I didn’t see a :digraph solution in here yet, so this is mine:

defmodule Trails do
  def read(filename) do
    File.stream!(filename)
    |> Stream.map(&String.trim/1)
    |> Stream.with_index()
    |> Stream.flat_map(fn {row, r_idx} ->
      row
      |> String.codepoints()
      |> Enum.with_index()
      |> Enum.flat_map(fn
        {".", _} -> []
        {c, c_idx} -> [{{r_idx, c_idx}, String.to_integer(c)}]
      end)
    end)
    |> Map.new()
  end

  def trailheads_and_summits(map) do
    Enum.reduce(map, {[], []}, fn
      {pos, 0}, {th_acc, sum_acc} -> {[pos | th_acc], sum_acc}
      {pos, 9}, {th_acc, sum_acc} -> {th_acc, [pos | sum_acc]}
      _, acc -> acc
    end)
  end

  def to_graph(map) do
    graph = :digraph.new()
    points = Map.keys(map)

    Enum.each(points, &:digraph.add_vertex(graph, &1))

    Enum.each(points, fn {row, col} = pos ->
      maybe_add_edge(graph, map, pos, {row+1, col})
      maybe_add_edge(graph, map, pos, {row-1, col})
      maybe_add_edge(graph, map, pos, {row, col+1})
      maybe_add_edge(graph, map, pos, {row, col-1})
    end)

    graph
  end

  defp maybe_add_edge(graph, map, pos1, pos2) do
    case {Map.get(map, pos1), Map.get(map, pos2)} do
      {a, b} when a+1 == b ->
        :digraph.add_edge(graph, pos1, pos2)

      _ ->
        nil
    end
  end

  def score(trailhead, summits, graph) do
    summits
    |> Enum.filter(fn summit ->
      :digraph.get_path(graph, trailhead, summit)
    end)
    |> length()
  end

  def count_paths(_, t, s) when t == s, do: 1

  def count_paths(graph, trailhead, summit) do
    graph
    |> :digraph.out_neighbours(trailhead)
    |> Enum.map(&count_paths(graph, &1, summit))
    |> Enum.sum()
  end
end

map = Trails.read("input.txt")

{trailheads, summits} = Trails.trailheads_and_summits(map)

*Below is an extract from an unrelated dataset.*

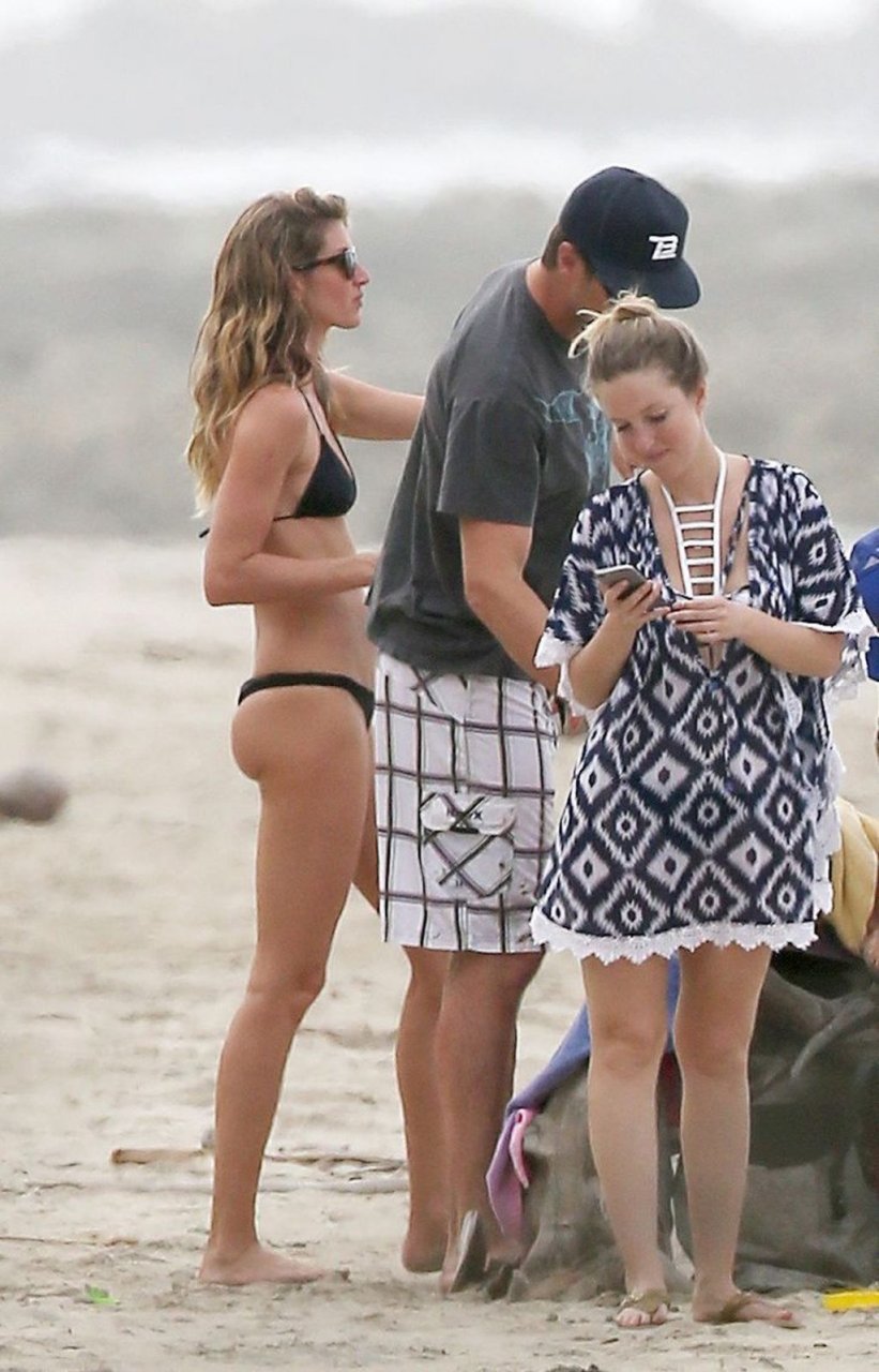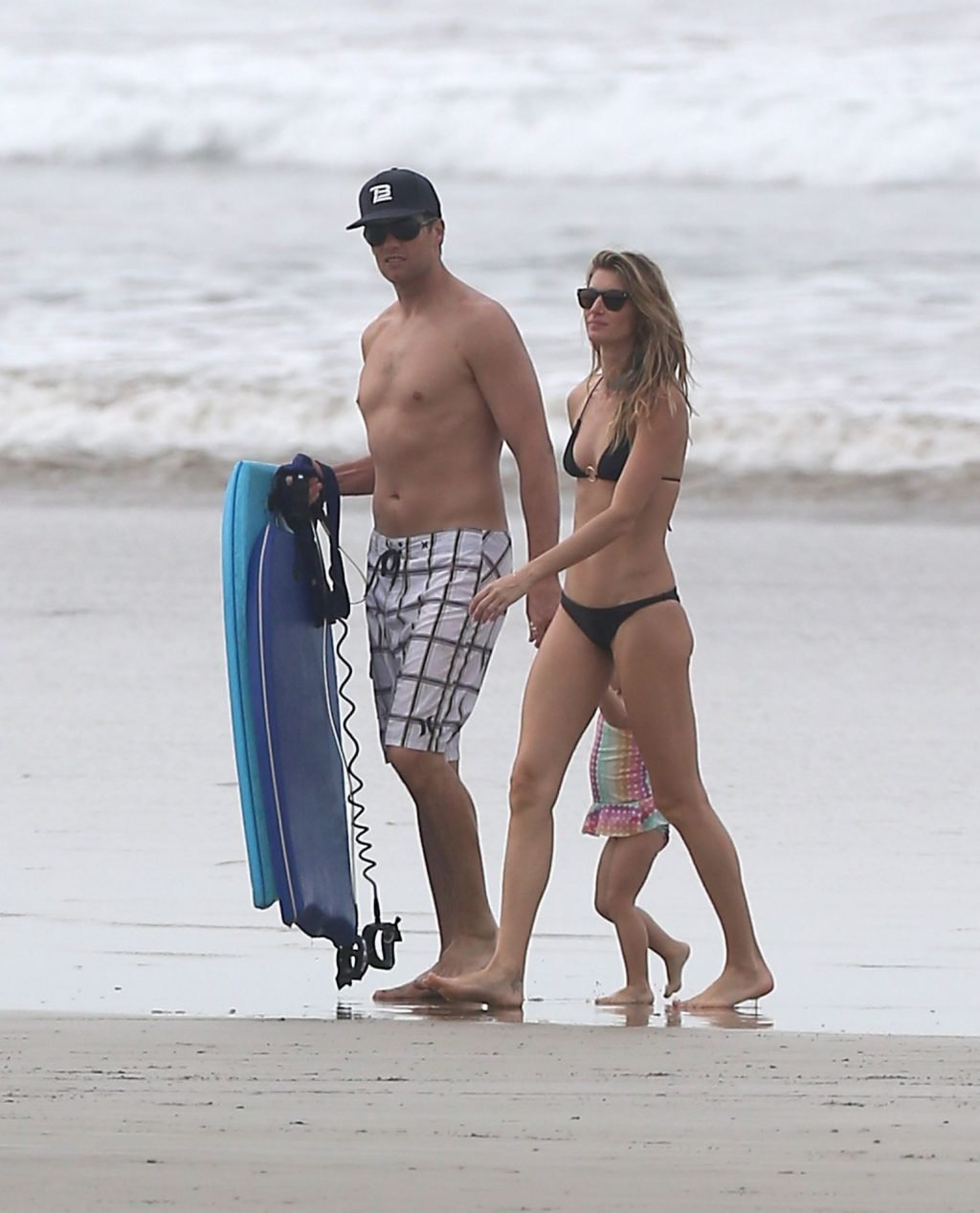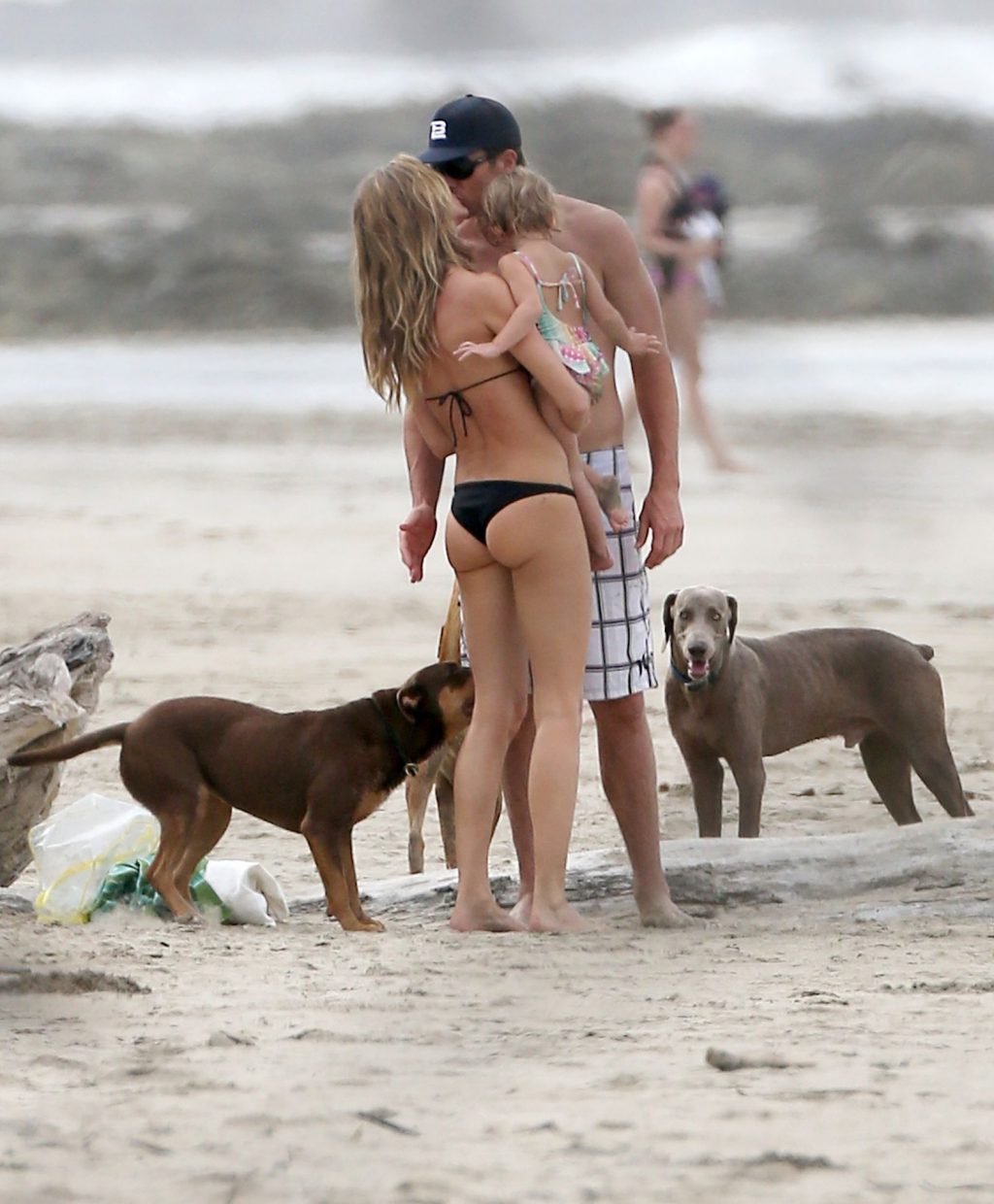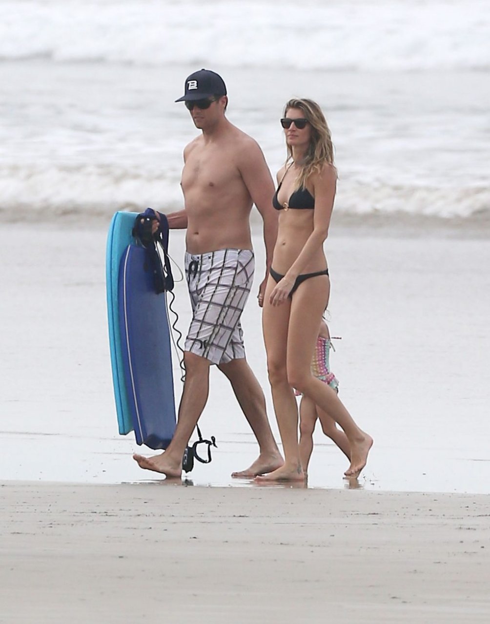 Gisele Bundchen e Tom Brady saem para a praia com a família na Costa Rica, 18/03/2015. Gisele e a família pareciam estar se divertindo muito.

graph = Trails.to_graph(map)

trailheads
|> Enum.map(&Trails.score(&1, summits, graph))
|> Enum.sum()
|> IO.inspect(label: "part 1")

trailheads
|> Stream.flat_map(fn t -> Stream.map(summits, &{t, &1}) end)
|> Stream.map(fn {t, s} -> Trails.count_paths(graph, t, s) end)
|> Enum.sum()
|> IO.inspect(label: "part 2")

Since there’s a strict “only up by 1” rule for moving on the grid, I used a single scan across the whole grid to calculate an equivalent graph of “can move from A to neighbor B”. With that graph, it’s straightforward to find paths from a given point.

count_paths also has two minor optimizations:

  • since the caller only ever passes in summits, trailhead == summit is sufficient to check for “is the trail over”
  • since the graph is guaranteed to have no cycles, there’s no need for the “visiting” tracking that standard DFS would use

Part 2 solved first crowd++

Simple recursion with flat_map based return in part we take &Enum.uniq/2 and then &length/1 whereas in case of part 2 its just &length/1 on each individual trail result and then summation.